A connectionless transport layer treats each segment as an independent packet and delivers it to the transport layer at the destination machine. A connection oriented transport layer makes a connection with the transport layer at the destination machine first before delivering the packets. After all the data are transferred, the connection is terminated.
Like the data link layer, the transport layer is responsible for flow control. However, flow control at this layer is performed end to end rather than across a single link.
Like the data link layer, the transport layer is responsible for error control. However, error control at this layer is performed process-to process rather than across a single link. The sending transport layer makes sure that the entire message arrives at the receiving transport layer without error (damage, loss, or duplication). Error correction is usually achieved through retransmission.
5. Session Layer
The services provided by the first three layers (physical, data link, and network) are not sufficient for some processes. The session layer is the network dialog controller.
It establishes, maintains, and synchronizes the interaction among communicating systems. The session layer is responsible for dialog control and synchronization. Specific responsibilities of the session layer include the following:
The session layer allows two systems to enter into a dialog. It allows the communication between two processes to take place in either half duplex (one way at a time) or full-duplex (two ways at a time) mode.
The session layer allows a process to add checkpoints, or synchronization points, to a stream of data. For example, if a system is sending a file of 2000 pages, it is advisable to insert checkpoints after every 100 pages to ensure that each 100-page unit is
received and acknowledged independently. In this case, if a crash happens during the transmission of page 523, the only pages that need to be resent after system recovery are pages 501 to 523. Pages previous to 501 need not be resent.
6. Presentation Layer
The presentation layer is concerned with the syntax and semantics of the information exchanged between two systems.
Specific responsibilities of the presentation layer include the following:
The processes (running programs) in two systems are usually exchanging information in the form of character strings, numbers, and so on.
The information must be changed to bit streams before being transmitted. Because different computers use different encoding systems, the presentation layer is responsible for interoperability between these different encoding methods.

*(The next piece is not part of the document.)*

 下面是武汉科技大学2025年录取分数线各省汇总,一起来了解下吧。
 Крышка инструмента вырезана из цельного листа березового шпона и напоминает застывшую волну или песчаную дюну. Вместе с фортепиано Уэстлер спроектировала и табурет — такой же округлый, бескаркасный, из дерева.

The presentation layer at the sender changes the information from its sender-dependent format into a common format. The presentation layer at the receiving machine changes the common format into its receiver-dependent format.
To carry sensitive information, a system must be able to ensure privacy. Encryption means that the sender transforms the original information another form and sends the resulting message out over the network.

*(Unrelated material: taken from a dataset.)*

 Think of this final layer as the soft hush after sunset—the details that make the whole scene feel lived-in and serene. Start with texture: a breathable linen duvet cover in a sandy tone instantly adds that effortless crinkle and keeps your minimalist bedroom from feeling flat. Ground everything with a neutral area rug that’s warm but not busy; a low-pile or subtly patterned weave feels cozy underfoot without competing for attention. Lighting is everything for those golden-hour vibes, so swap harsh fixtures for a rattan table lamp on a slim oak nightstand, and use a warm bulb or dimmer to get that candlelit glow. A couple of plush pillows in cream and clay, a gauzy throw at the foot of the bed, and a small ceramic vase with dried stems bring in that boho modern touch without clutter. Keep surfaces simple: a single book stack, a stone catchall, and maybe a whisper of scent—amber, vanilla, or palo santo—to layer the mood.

Decryption reverses the original process to transform the message back to its original form.
Data compression reduces the number of bits contained in the information. Data compression becomes particularly important in the transmission of multimedia such as text, audio, and video.
7. Application Layer
The application layer enables the user, whether human or software, to access the network.

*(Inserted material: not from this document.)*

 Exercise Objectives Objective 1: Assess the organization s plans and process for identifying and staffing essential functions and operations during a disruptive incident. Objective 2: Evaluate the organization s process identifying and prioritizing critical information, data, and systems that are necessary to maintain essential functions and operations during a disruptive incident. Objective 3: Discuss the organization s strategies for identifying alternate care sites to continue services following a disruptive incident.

It provides user interfaces and support for services such as electronic mail, remote file access and transfer, shared database management, and other types of distributed information services.
This layer contains a variety of commonly needed functions:
- Resource sharing and device redirection
- Remote file access
- Remote printer access
- Inter-process communication
- Network management
- Directory services
- Electronic messaging (such as mail)
- Network virtual terminals
Most digital signals are non periodic, and thus period and frequency are not appropriate characteristics. Another term-bit rate is used to describe digital signals.
The bit rate is the number of bits sent in 1s, expressed in bits per second (bps).